Suara sirene menggema di tengah kota. Seketika jalanan macet sehabis kecelakaan. Beberapa pejalan kaki menonton dari kejauhan adegan sehabis kecelakaan terjadi.
Beberapa mobil yang mengalami kerusakan ringan akibat mengerem mendadak, tapi sebuah truk dan 2 mobil mengalami kerusakan parah, termasuk mobil yang ditumpangi Anna dan Logan.
Sedan hitam itu terpuruk cukup mengenaskan dalam keadaan terbalik. Di dalam mobil, Anna tergolek tak berdaya seraya menahan rasa sakit. Napasnya terengah-engah dan terisak. Anna memegangi perutnya, bagian ini rasa sakit hebat yang dirasakannya.
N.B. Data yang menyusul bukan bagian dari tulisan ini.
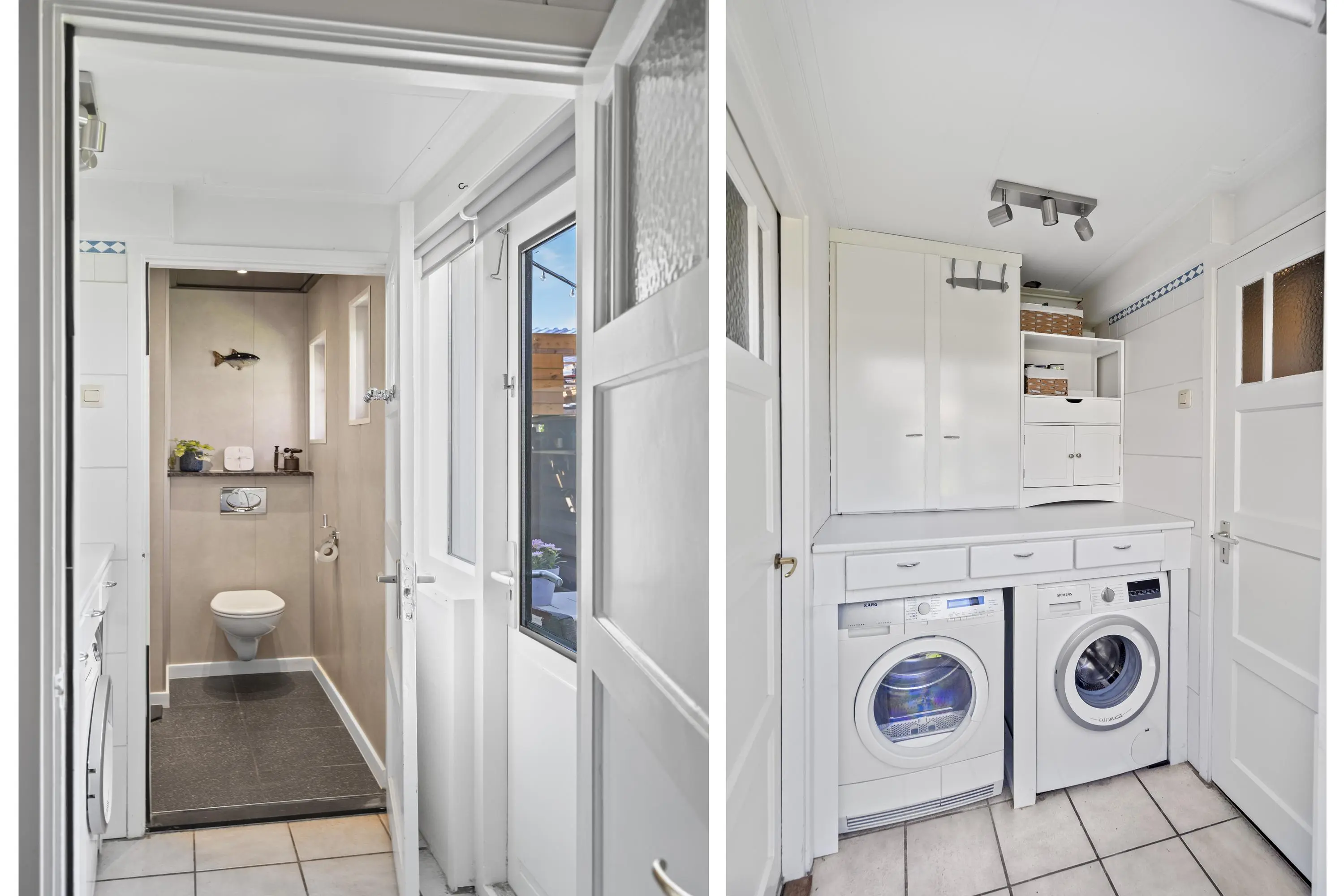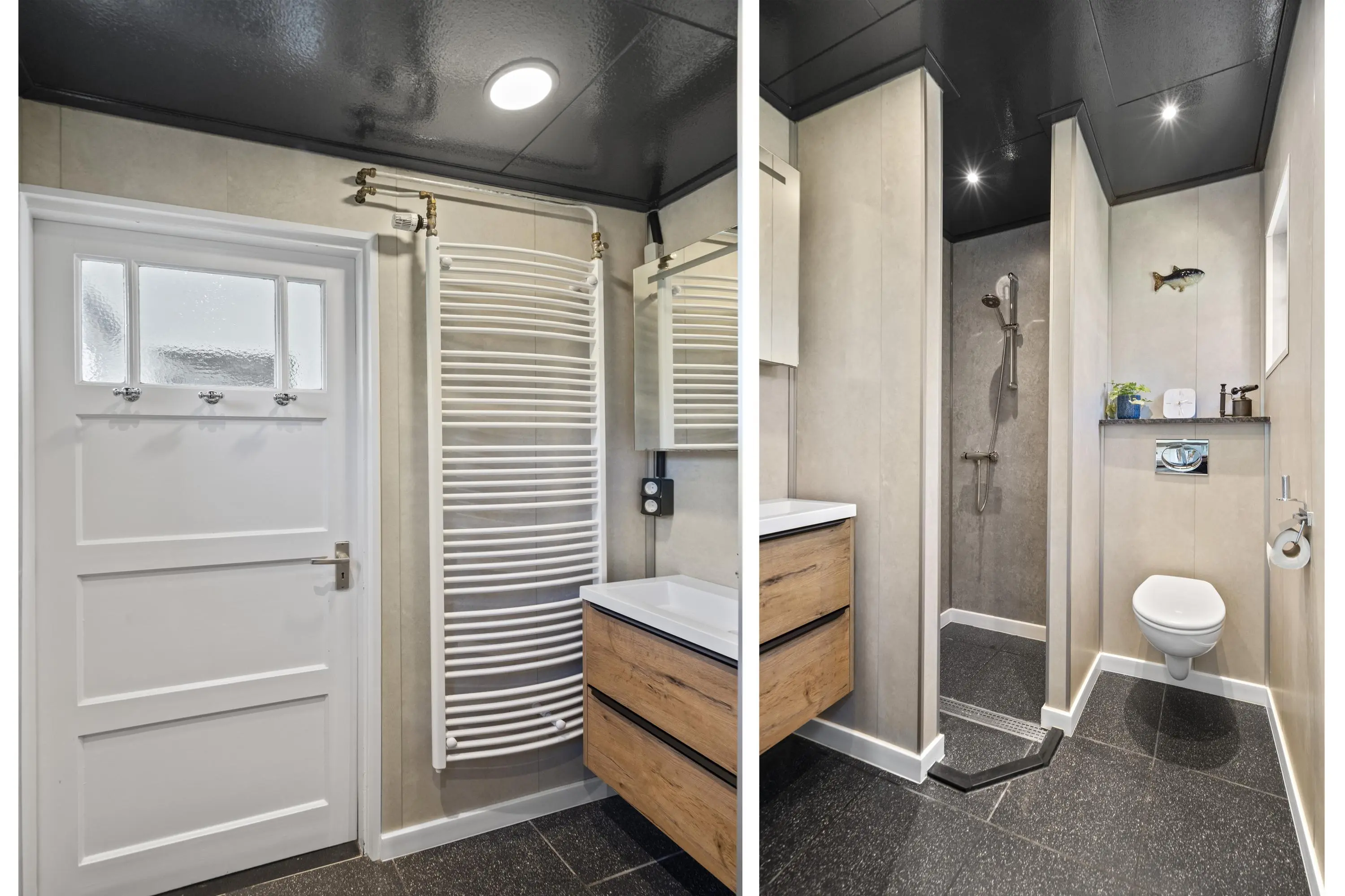 Achter de keuken vind je de praktische wasruimte met plek voor wasmachine en droger, en de Nefit CV-ketel (2023). Vanuit hier bereik je de recent vernieuwde badkamer (2024), die luxe uitstraalt met een inloopdouche, wandcloset, wastafelmeubel en een stoere hardstenen afwerking.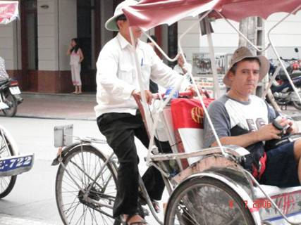 Ảnh 4: Khách du lịch phương Tây trên đường phố Hà nội, người dân Việt nam đạp xích lô để phục vụ khách du lịch phương Tây.

Bukan hanya bagian kepala dan beberapa bagian tubuh yang mengeluarkan darah, tanpa Anna tahu, darah mengalir di pahanya.
Rasa sakit ini membuatnya berpikir: apakah ini saat baginya meninggalkan dunia ini?
Perlahan Anna menoleh pada Logan. Pria itu terbujur kaku di tempatnya dengan kondisi kepala penuh darah. Tangannya gemetaran menggapai ke arah Logan, menepuk beberapa kali bahunya dengan gerakan lemah.
"Logan ... bangun ... ah ... haahh ... bangun...."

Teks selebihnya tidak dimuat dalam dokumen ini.